(Input data)

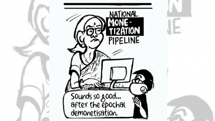 In today’s featured cartoon, E.P. Unny demonstrates a clever wordplay on ‘monetisation’ as Finance Minister Nirmala Sitharaman recently launched the national monetisation pipeline (NMP) which is expected to fetch approximately Rs 6 lakh crore revenue to the Modi government over four years.
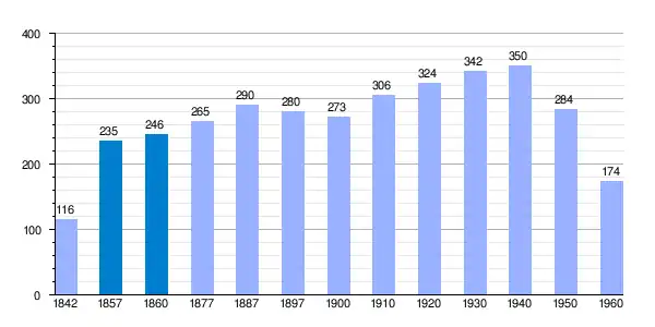 | Gráfica de evolución demográfica de Pozancos[7] entre 1842 y 1960 |
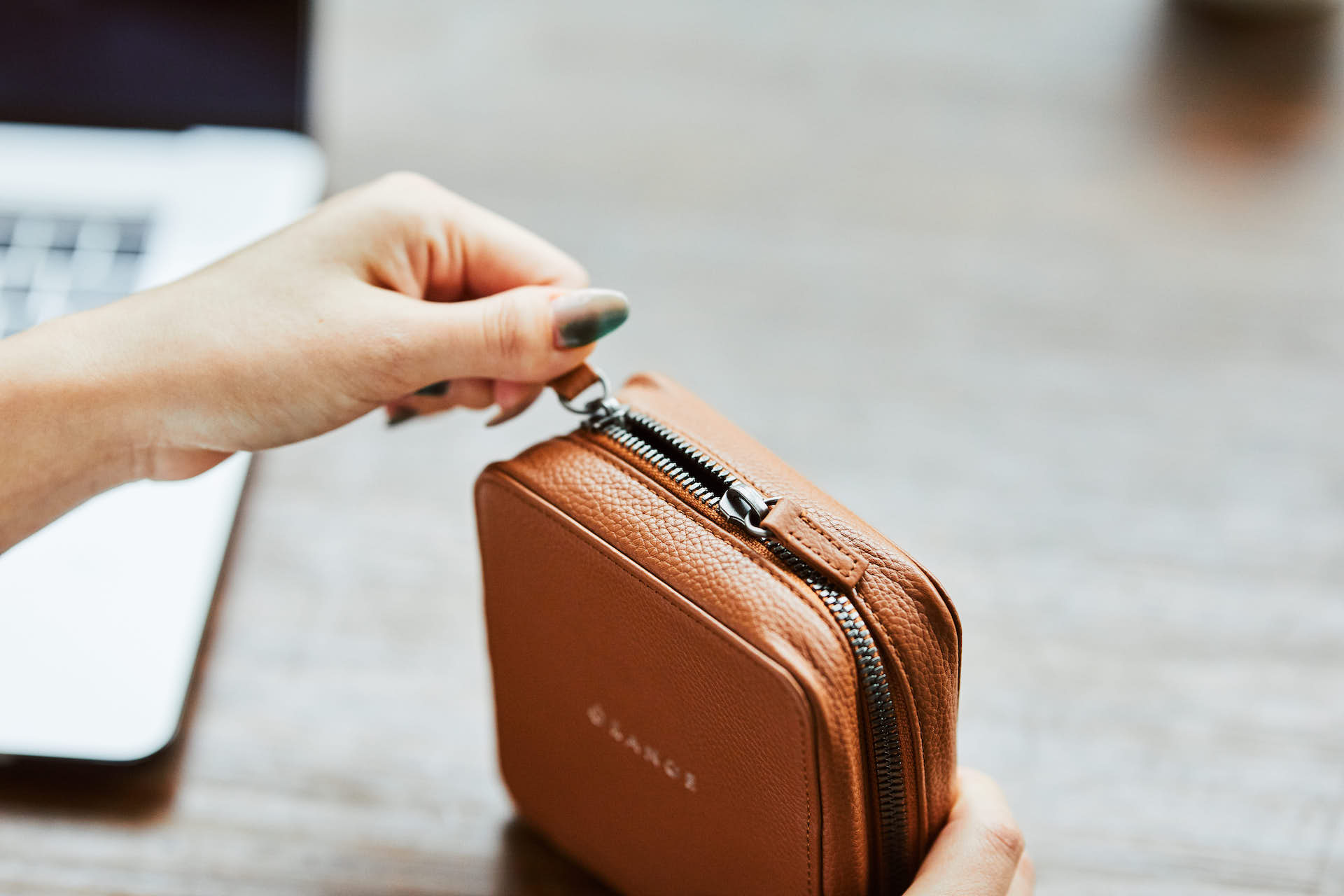 THE POD miniは、充電器やケーブルなどを綺麗に収納できるコンパクトなガジェットケースです。充電器やケーブルなど、ちょっとしたガジェットを持ち運ぶのに最適です。贅沢に本革を使用しながらも、重さわずか110g。毎日快適に持ち運んで使えます。

(End Input data)

» **Problem requirements**:
Across all the lines above, repeat the wording exactly and omit the pictures.

» **Response area**:
 In today’s featured cartoon, E.P. Unny demonstrates a clever wordplay on ‘monetisation’ as Finance Minister Nirmala Sitharaman recently launched the national monetisation pipeline (NMP) which is expected to fetch approximately Rs 6 lakh crore revenue to the Modi government over four years.
 | Gráfica de evolución demográfica de Pozancos[7] entre 1842 y 1960 |
 THE POD miniは、充電器やケーブルなどを綺麗に収納できるコンパクトなガジェットケースです。充電器やケーブルなど、ちょっとしたガジェットを持ち運ぶのに最適です。贅沢に本革を使用しながらも、重さわずか110g。毎日快適に持ち運んで使えます。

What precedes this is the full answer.